Online comments questioned many of the “most beautiful” results. “What does education have to do with attractiveness???” said one. Another questioned how non-existent male students were rated at the all-female Scripps College.
PUC is a Seventh-day Adventist Christian liberal arts college located in the green hills east of St. Helena.
PUC President Heather J. Knight accepted the honor, saying, “In many ways, this is recognition for our collective goal to make the campus sparkle — and our landscape and facilities management teams in particular.”
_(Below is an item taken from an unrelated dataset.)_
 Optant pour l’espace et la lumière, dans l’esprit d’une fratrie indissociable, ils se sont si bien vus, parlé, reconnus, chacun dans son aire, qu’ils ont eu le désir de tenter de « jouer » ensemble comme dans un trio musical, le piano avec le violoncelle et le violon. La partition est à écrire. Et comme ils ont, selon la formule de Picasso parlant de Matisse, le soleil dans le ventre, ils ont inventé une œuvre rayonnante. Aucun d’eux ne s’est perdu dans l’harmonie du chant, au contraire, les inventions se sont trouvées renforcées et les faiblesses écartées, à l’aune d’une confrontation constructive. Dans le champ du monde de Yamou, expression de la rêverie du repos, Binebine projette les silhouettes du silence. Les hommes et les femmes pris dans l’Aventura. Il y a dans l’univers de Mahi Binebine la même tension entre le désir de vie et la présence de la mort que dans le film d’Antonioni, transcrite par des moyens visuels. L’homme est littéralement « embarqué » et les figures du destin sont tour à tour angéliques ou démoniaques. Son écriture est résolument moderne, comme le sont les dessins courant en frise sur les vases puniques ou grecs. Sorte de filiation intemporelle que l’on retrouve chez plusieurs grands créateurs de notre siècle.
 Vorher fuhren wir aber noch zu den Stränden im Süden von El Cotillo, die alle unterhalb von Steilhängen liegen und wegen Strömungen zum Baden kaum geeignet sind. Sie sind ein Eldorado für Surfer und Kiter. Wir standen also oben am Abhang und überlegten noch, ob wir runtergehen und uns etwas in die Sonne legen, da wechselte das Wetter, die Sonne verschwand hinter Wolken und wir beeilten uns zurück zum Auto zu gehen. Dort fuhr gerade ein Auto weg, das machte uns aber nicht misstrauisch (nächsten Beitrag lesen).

Knight has led a campaign in recent years to enhance many areas of campus and emphasize its natural beauty.
Comments:
* There is a charm and a beauty about the whole area known as Angwin. The students tend toward being friendly and polite. The people are helpful, friendly and community-oriented. Much of the land is untouched and revered by all who walk the trails around this town.
Obviously, we all want this to remain just as it is and while we cannot have it all, we must struggle to preserve land would be over-developed and a community that would shatter. I will vote for Measure ‘U’ because I truly respect what has been created in Angwin.
Allow me to put this whole argument into context through the words of Theodore Roszak (Professor of History at CSU, Hayward; social thinker, writer and critic). “Suddenly it becomes a subversion of progress to assert the common sense principle that communities exist for the health of those who live in them, not for the convenience of those who exploit their real estate for profit.”